Secondly, Rognlie raises the issue of the elasticity of substitution between capital and labour. Elasticity measures the extent to which firms can substitute capital for labour as the relative productivity or the relative cost of the two factors change. When this number is large, it means that firms can easily substitute between capital and labour, and it is associated with a higher share of capital income. When the elasticity is less than one, the opposite is true. Piketty argues that the ease of substitution is important. For example, technology is making it easier for companies to replace workers with automated machines and drones, reducing the demand for labour and increasing the income from capital. For Rognlie, the crucial detail is whether this elasticity is defined in gross or net terms; net subtracts depreciation from income, while gross does not. Piketty analysed gross elasticity, but Rognlie argues we should use net elasticities, which are much lower than gross ones. Rognlie’s research found net elasticities at less than 1, which falls below the levels needed to maintain Piketty’s argument.

Finally, Rognlie argues that once adjusting for depreciation, the returns of wealth are not distributed equally across all investments. Indeed, he finds that the majority of the increase in existing capital comes not from products or intellectual property but from housing – houses, apartments, buildings, and land.  He writes: “Also using Piketty’s data, I finds that a single component of the capital stock—housing—accounts for nearly 100% of the long-term increase in the capital/income ratio, and more than 100% of the long-term increase in the net capital share of income.”

The decline in affordable housing

Housing, or a lack of affordable housing, is a key topic at the moment as housing in the world’s booming cities becomes increasingly unaffordable and land becomes too expensive for its workers.

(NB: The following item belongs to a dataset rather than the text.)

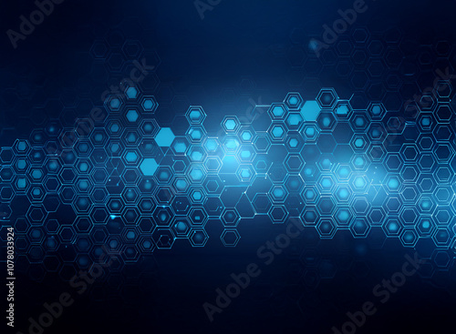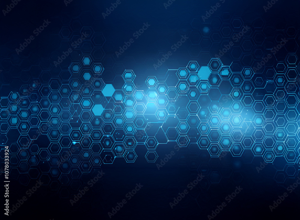 Wall mural abstract blue background with hexagonal pattern and glowing light.

Indeed, the more productive the city and the more talent and investment it attracts, the stronger this relationship seems to become, and so millennials are being increasingly priced out of buying (and benefitting from building equity), and instead pushed into a circle of ever-increasing rents paid to landowners.

For example, in the UK, between 2007 and 2011, in the wake of the financial crisis, London’s economy grew by 12.4% – about double the rate of any other region. But today, the average house in London costs more than one could borrow on the prime minister’s salary. Or in the US, in San Francisco, San Jose, and Los Angeles, the typical millennial doesn’t make even half of what’s needed to afford a home. And as early as 2004, the median rent exceeded 30% of the median household income for young workers, the threshold at which housing experts say rent is no longer affordable.

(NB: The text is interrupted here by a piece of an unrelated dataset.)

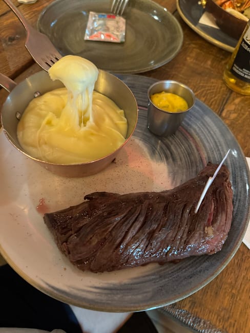 3.5/10The steak was horribel, ordered medium rare. It was cold, and also the sauces were cold. I complained, and i got a new one. The new stake was warm, but the core were still cold. And the sauces were even colder than the first time. Soo it was not a nice stay. Althought the duck was very good, and the wine were up to standard.
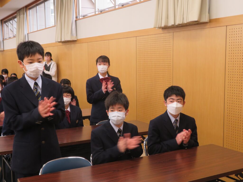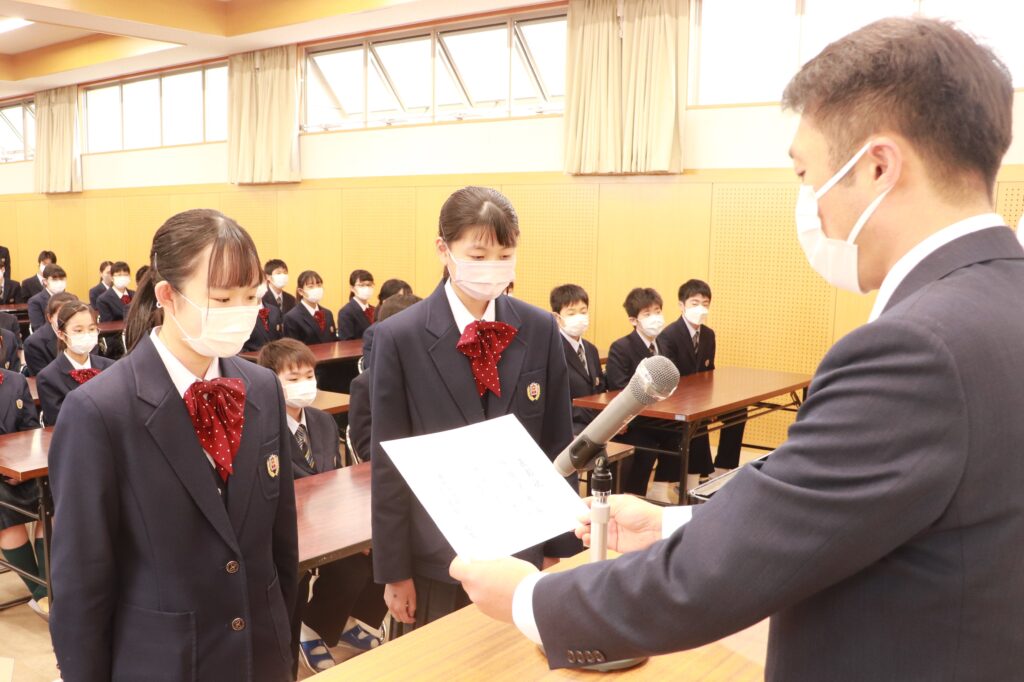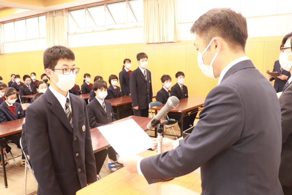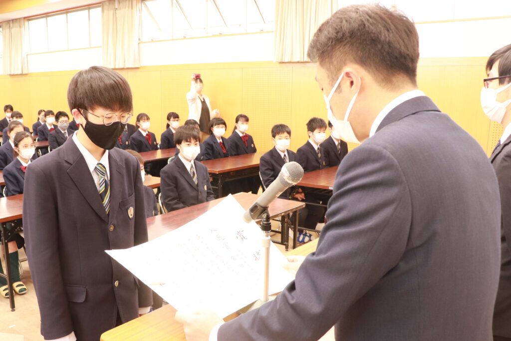 本日、総復習テストと全国読書感想文コンクールの表彰式が多目的ホールにて行われました。総復習テストの表彰者は、各学年の総合1位の代表生徒のみ写真にて紹介します。

What does it really mean for Piketty?

So, should governments be rethinking income inequality policy in favour of housing rather than Piketty’s preferred tax on the super-rich? It certainly sounds like a convincing argument, and Piketty himself has since suggested that he is open to policies relating to housing. But where an argument of a wealthy elite boosting their wealth through land and rents seems in line with his theory, Piketty maintains that only progressive taxation can truly change the balance.